I have an application that's been running in one region for years with a manually-configured VPC, but recently I updated the security groups to be managed by CloudFormation. The security group template referenced the VPC ID with a parameter that was passed in:
VpcId: !Ref VpcId
When I redeployed my application to another region, I created the VPC with CloudFormation and I modified my security group template to reference that VPC using an output variable:
VpcId: !ImportValue
Fn::Sub: '${VPCStackName}-VPC'
The problem now is that I can't use this security group template for my original deployment.
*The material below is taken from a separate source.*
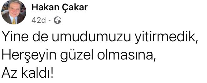 Seçimlerde büyük bir hezimet yaşayan CHP’de şu sıralar hareketli günler yaşanıyor. Değişim sancılarının yaşandığı CHP’de Kılıçdaroğlu’nun istifası istenirken Genel Başkanlık için ismi geçen İBB Başkanı Ekrem İmamoğlu’da değişim istediğini açıkça ifade etmişti . Yine TBMM Grup Başkanvekili Özgür Özel de başkanlığa aday olduğunu duyurmuştu. Parti içinde yaşanan bu kargaşalar hem siyasileri hem de partilileri oyundan düşürmüş ve moral bozukluğuna sevk etmişken CHP İzmit İlçe eski Başkanı ve Milletvekili aday adayı Hakan Çakar, sosyal medya hesabı üzerinden yaptığı paylaşımla "Yine de umudumuzu yitirmedik, Herşeyin güzel olmasına, Az kaldı!” dedi. Çakar’ın bu paylaşımına yorum yazan bazı vatandaşlar ise “Sen nerde yaşıyorsun başkan bunun hakkında kimse çalışma yapmıyor yapanlarda kendi çıkarları peşinde ölmüşüzde ağlayanımız yok”, “Bişey olacağı yok adaş artık kendimizi kandirmayı bırakalım umut sadece işkenceyi uzatıyor” gibi yorumlarla tepki gösterdi.

I tried creating a dummy template that pretended to be a VPC stack:
AWSTemplateFormatVersion: "2010-09-09"
Description: "Network: VPC (dummy stack)"
Parameters:
VPCId:
Type: String
Description: >
VPC ID
Resources:
# Templates require a resource, create a dummy one
NullResource:
Type: AWS::CloudFormation::WaitConditionHandle
Outputs:
VPC:
Description: VPC ID
Value: !Ref VPCId
Export:
Name: !Sub "${AWS::StackName}-VPC"
However, when I pointed the security group stack at it, the changeset showed that all of my security groups would be replaced even though the value of the VPC ID didn't change -- only the way it was supplied.
Any other suggestions for how I can deal with this situation? I thought this idea was pretty clever, but maybe too clever for CloudFormation.